In all papers I've seen on the actual computation of the Lambert W function, there is a Halley's method iteration. I expanded and factored terms to create new variables in such a way as to make the computation a lot easier on the machine, but the following is exactly the same as the expression for $\omega_{n+1}$ found on Wikipedia, say. As far as I've been able to experimentally tell, it precisely and extremely quickly converges for all complex values, except those that lie on the line $(-\infty,-\frac{1}{e})$ and have zero imaginary part. As soon as I enter in such a value I get terribe results - and I understand that the branch cut for the principal branch lies on this line, which maybe explains the difficulties, but I do not understand how to edit the Halley's method to all of a sudden converge for these values. I also note that if $\Re(z)<-\frac{1}{e}$, (but $\Im(z)\neq0$) then it requires many iterations, up to $100$, to converge, instead of the normal $5$ - it converges very slowly for the left half of the complex plane - and converges to the wrong branch! - and not at all for the negative real line. How might we correct this? Corless et al. knew what they were doing when they stated this Halley's method, so they must have had a solution!

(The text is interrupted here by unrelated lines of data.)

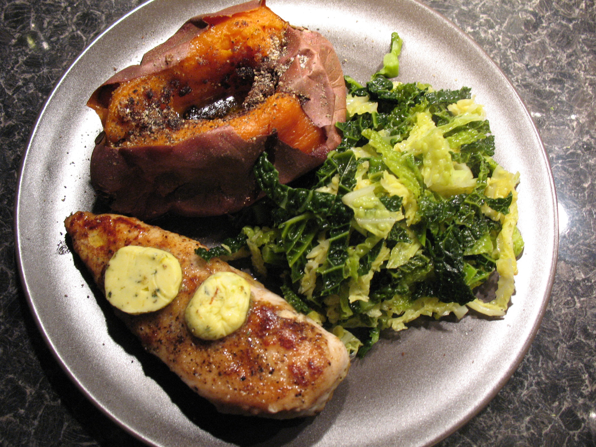 This technique for cooking boneless chicken breasts is pretty foolproof. They were tender and juicy with a good crust. The compound butter added just the right amount of fat and herby goodness. Buttered cabbage is also a favorite of mine and a tiny bit of chicken broth gives it savor.  Sweet potatoes topped with brown sugar and butter are intrinsically delicious, but the black pepper  adds intriguing spicy and aromatic flavors. Oh, and do all three components contain butter? Score.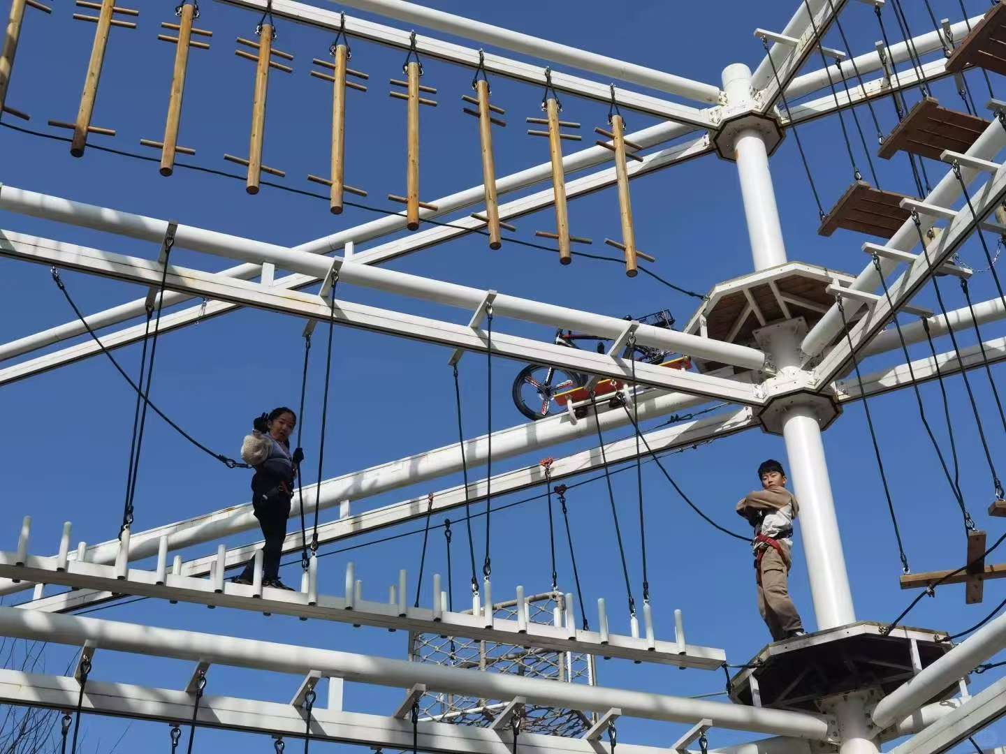 超過100種難度不同的游玩元素,包括高空單車、高空翹板橋、極速跨網、蘑菇瑪麗、高空走鋼索、障礙秋千、攀巖板等,適合戶外拓展、親子出擊、團建活動、情侶約會。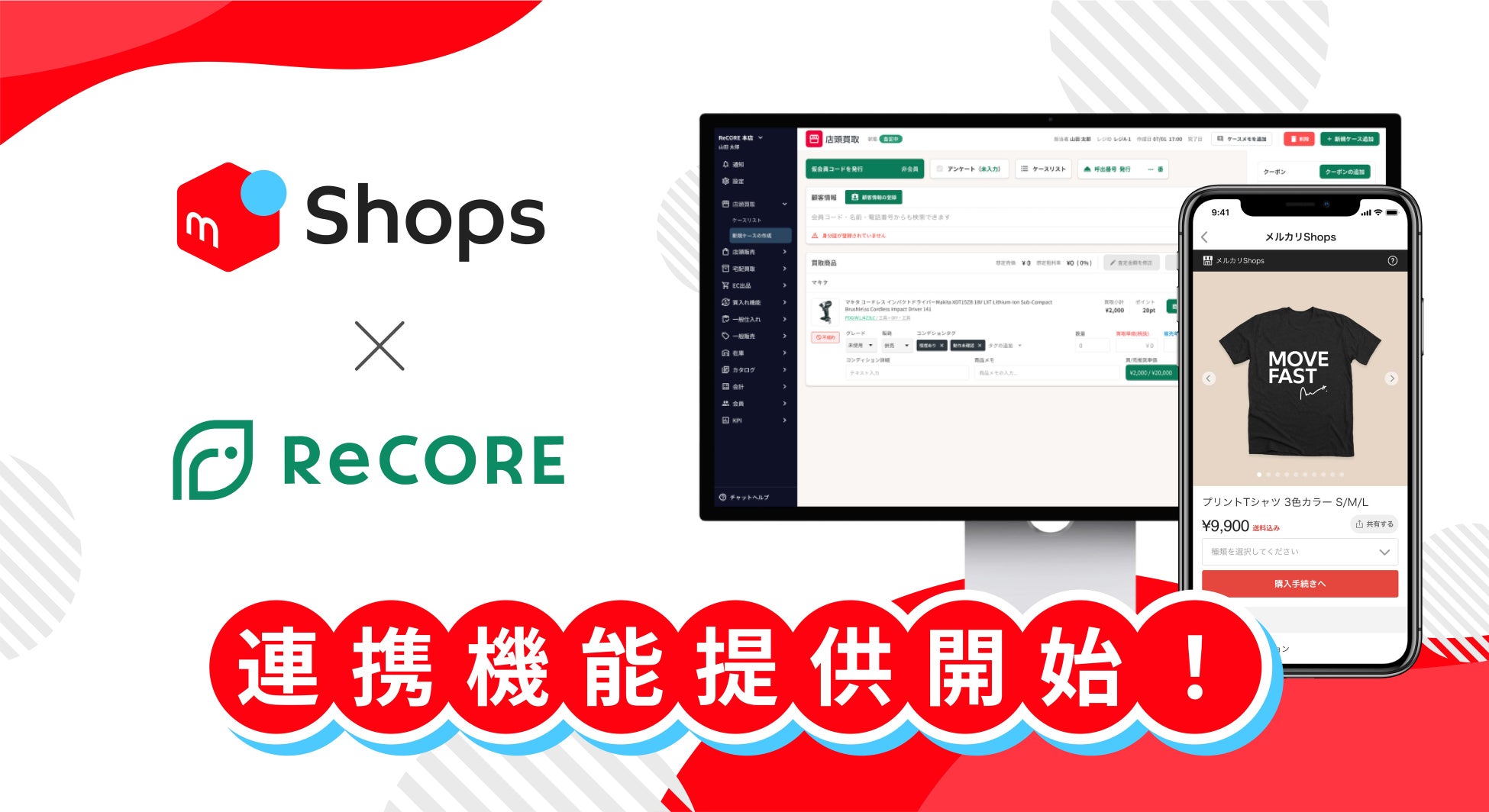 株式会社NOVASTO(ノヴァスト)(本社:大阪府吹田市 代表取締役:佐藤 秀平)は、11月上旬より、当社が提供する小売・リユース業専門クラウドPOSシステム「ReCORE(リコア)」(以下、ReCORE)に「メルカリShops」連携機能をリリースいたします。今回のサービス提携により、出品在庫の連携、受注管理が可能になります。また「メルカリShops」とPOSシステムとのシステム連携は業界初の試みとなります。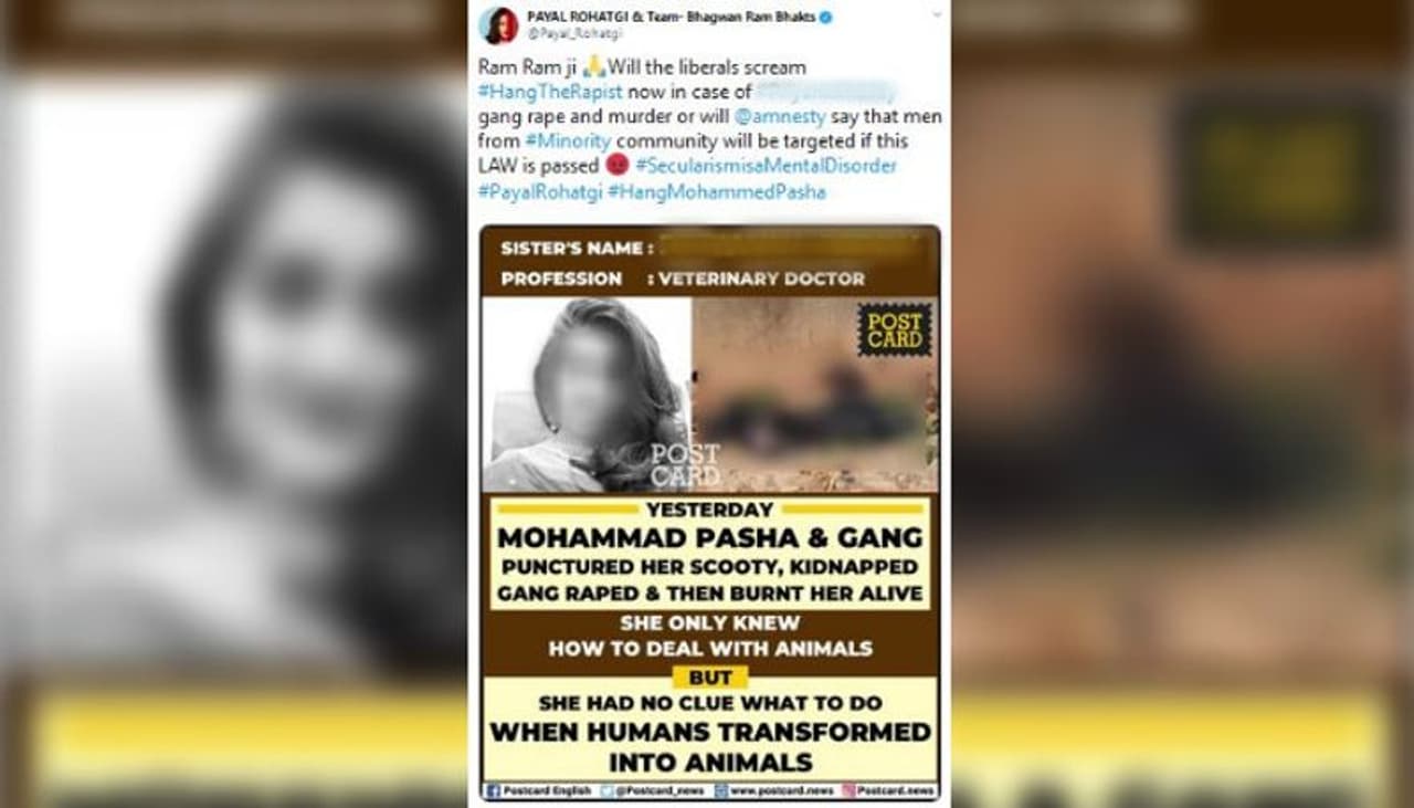 নিজেকে গগর্বিত হিন্দু বলে থাকেন পায়েল রোহাতগি। তাঁর সোশ্যাল মিডিয়া পেজের একেবারে উপরেই সেই কথা লেখা দেখতে পাওয়া যায়। হায়দরাবাদের জঘন্য ঘটনা নিয়ে পায়েল সোশ্যাল মিডিয়ায় লিখেছেন, 'লিবারালরা কি প্রিয়াঙ্কা রেড্ডির গণধর্ষণ ও হত্যার পরও ধর্ষককে ফাসি দাও বলে চিৎকার করবেন না? তাঁরা কি এখনও বলবেন, যদি আইন পাস হয় তবে সংখ্যালঘু সম্প্রদায়কে নিশানা করা হবে?' এই লেখার সঙ্গে একটি ছবি পোস্ট করেছেন তিনি। যেখানে প্রিয়াঙ্কার ছবি দিয়ে, মহম্মদ পাশা ও তার গ্যাঙ প্রিয়াঙ্কাকে ধর্ষণ ও হত্যা করেছে বলে লেখা হয়েছে।

Letting $\omega\exp(\omega)=z$, then $\lim_{n\to\infty}\omega_n=\omega$ - unless $\Re(z)\in(-\infty,-\frac{1}{e}),\Im(z)=0$. I use $\omega_0=\ln|\Re(z)|+0i$ as that generally follows the trend of the Lambert W for positive $z$ - and I assumed by taking the absolute value that that would achieve a similar similarity, but perhaps it doesn't, and this explains why it converges to the wrong branch for the negative half-plane. If so, how might I better set an initial guess to guarantee the iteration always iterates within the range of the principal branch? I understand the branches are separated by the lines $-\Re(\omega)\cot \Re(\omega)+\Re(\omega)i$, but I clearly don't understand how to use this fact to keep my values in the right branch.

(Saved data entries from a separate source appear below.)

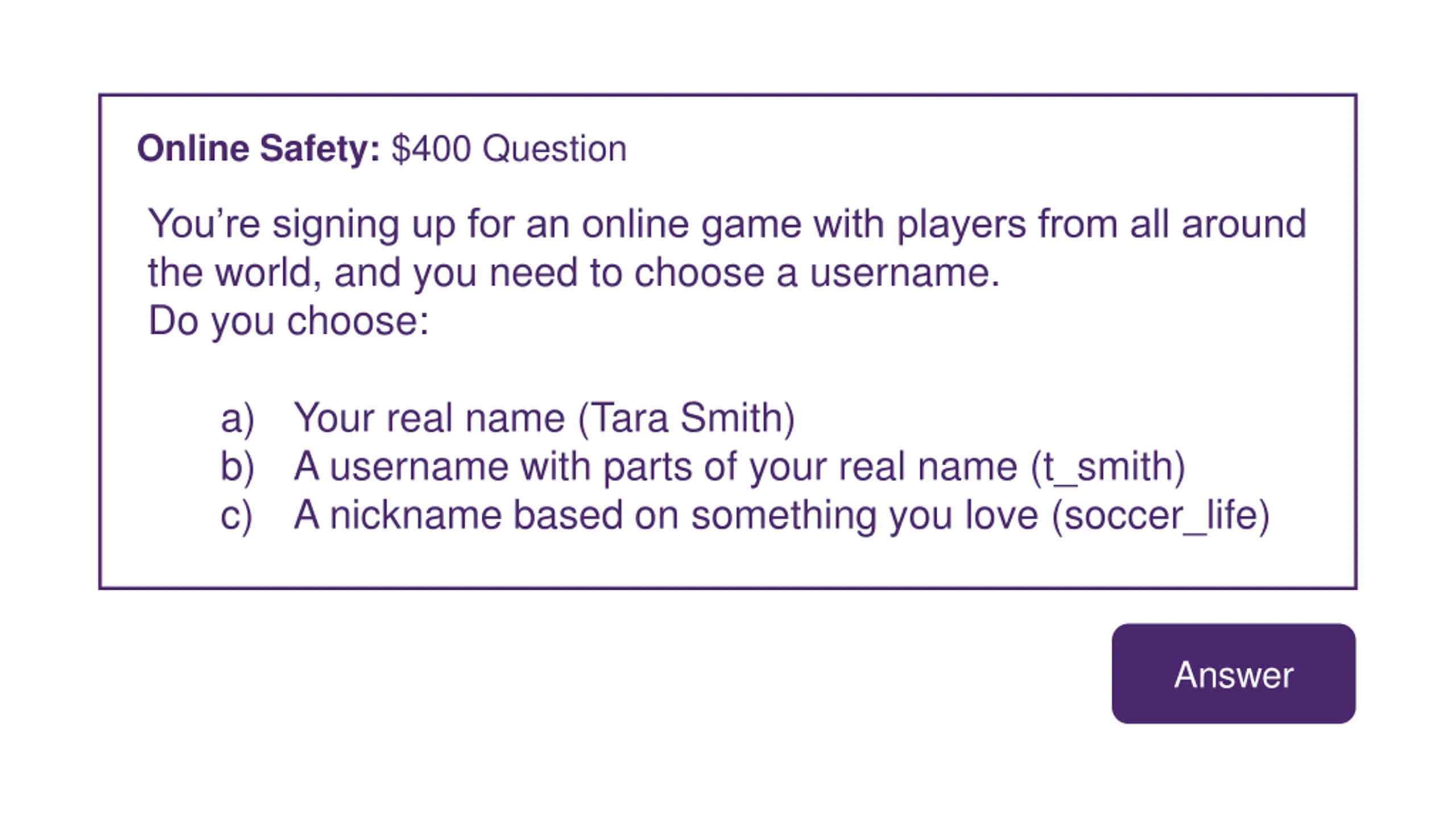 Online Safety: $400 Question You re signing up for an online game with players from all around the world, and you need to choose a username. Do you choose: a) b) c) Your real name (Tara Smith) A username with parts of your real name (t_smith) A nickname based on something you love (soccer_life) Answer Answer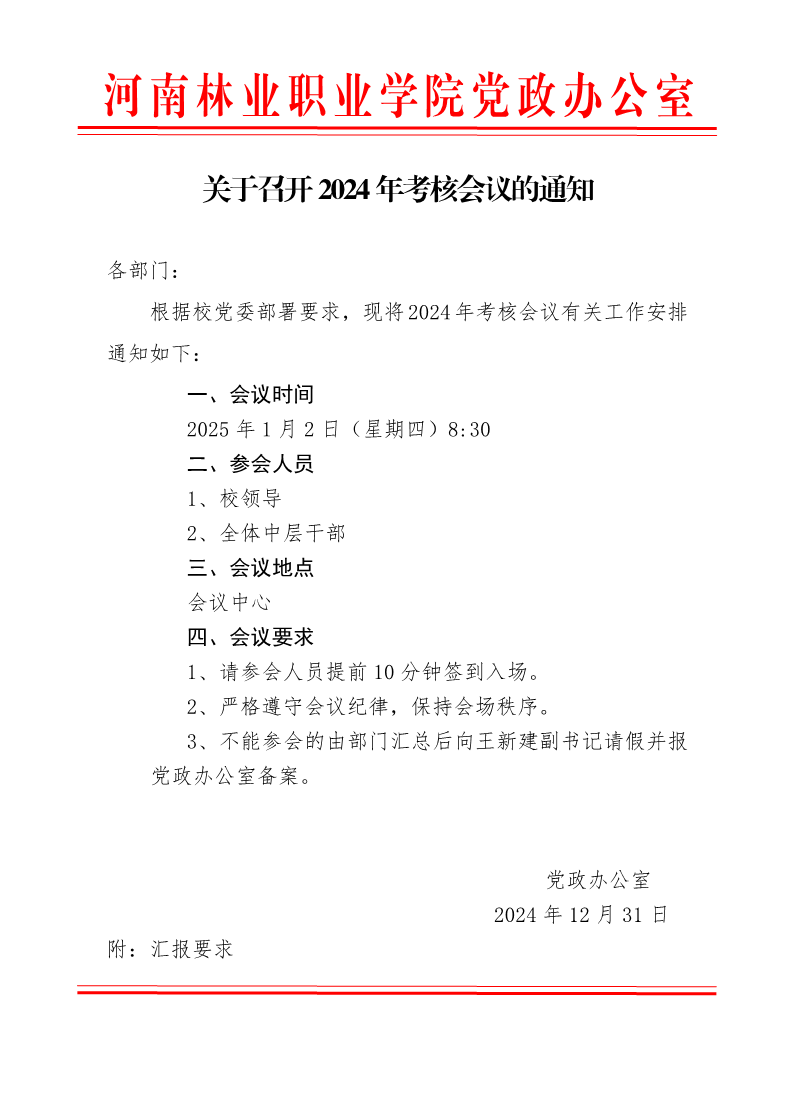 关于召开2024年考核会议的通知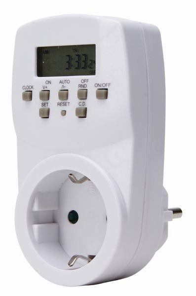 | Kurzbeschreibung | Zeitschaltuhr Mini, digital, erhöhter Berührungssschutz, Count-Down und Zufallsfunktion, 140 Programme, max. 1.800W, Farbe: weiß |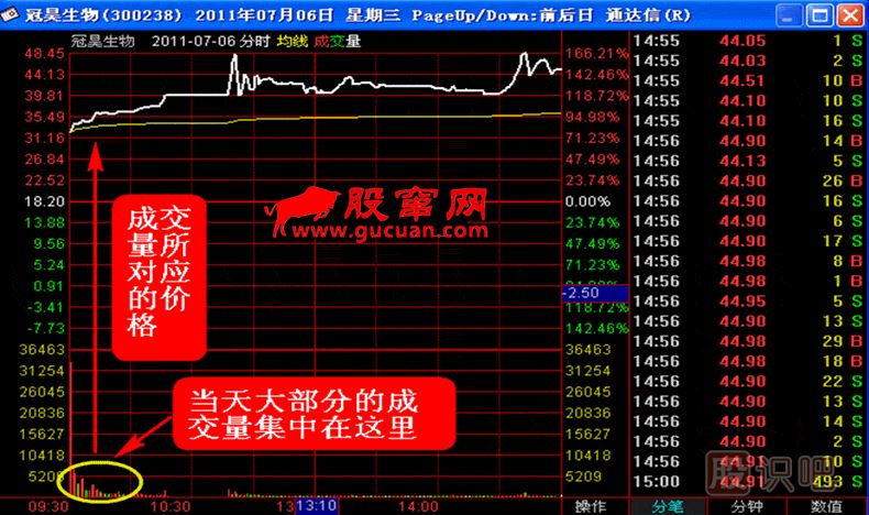 ⑤通過當天分時圖走勢和所對應的成交量分析,可以明確的辨別當天K線的真?zhèn)巍?/div>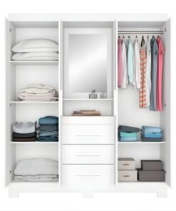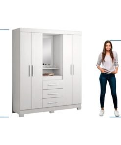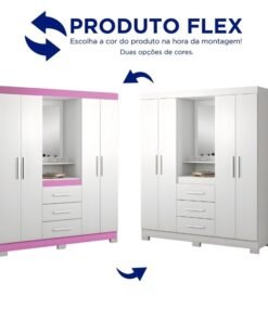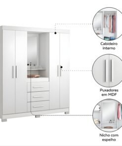 3{%%}Descrição{%%}Guarda-Roupa Solteiro 4 portas NT 5015 Branco/Rosa Flex Com Pés Notável

$$\begin{align*} \\ &\psi_n=\exp(\omega_n),\space\kappa_n=\omega_n+1,\space\varphi_n=z\cdot\kappa_n,\space\mu_n=\psi_n\cdot\kappa_n \\ \\ &\delta_n=2\cdot\frac{\varphi_n-\mu\cdot\omega}{\mu\cdot\kappa + \psi_n+\varphi_n+z} \\ \\ &\psi_{n+1}=\psi_n\cdot\exp(\delta_n) \\ \\ &\kappa_{n+1}=\kappa_n+\delta_n \\ \\ &\varphi_{n+1}=\varphi_n+z\cdot\delta_n \\ \\ &\mu_{n+1}=\psi_{n+1}\cdot\kappa_{n+1} \\ \\ &\omega_{n+1}=\omega_n+\delta_n \end{align*} $$
The only reason I show the method I am using in my code instead of the original one is because, although I have stepped through the expansion and shown the two iterations to be identical, perhaps there is some quirk of my characterisation of it that leads to problems.
Many thanks.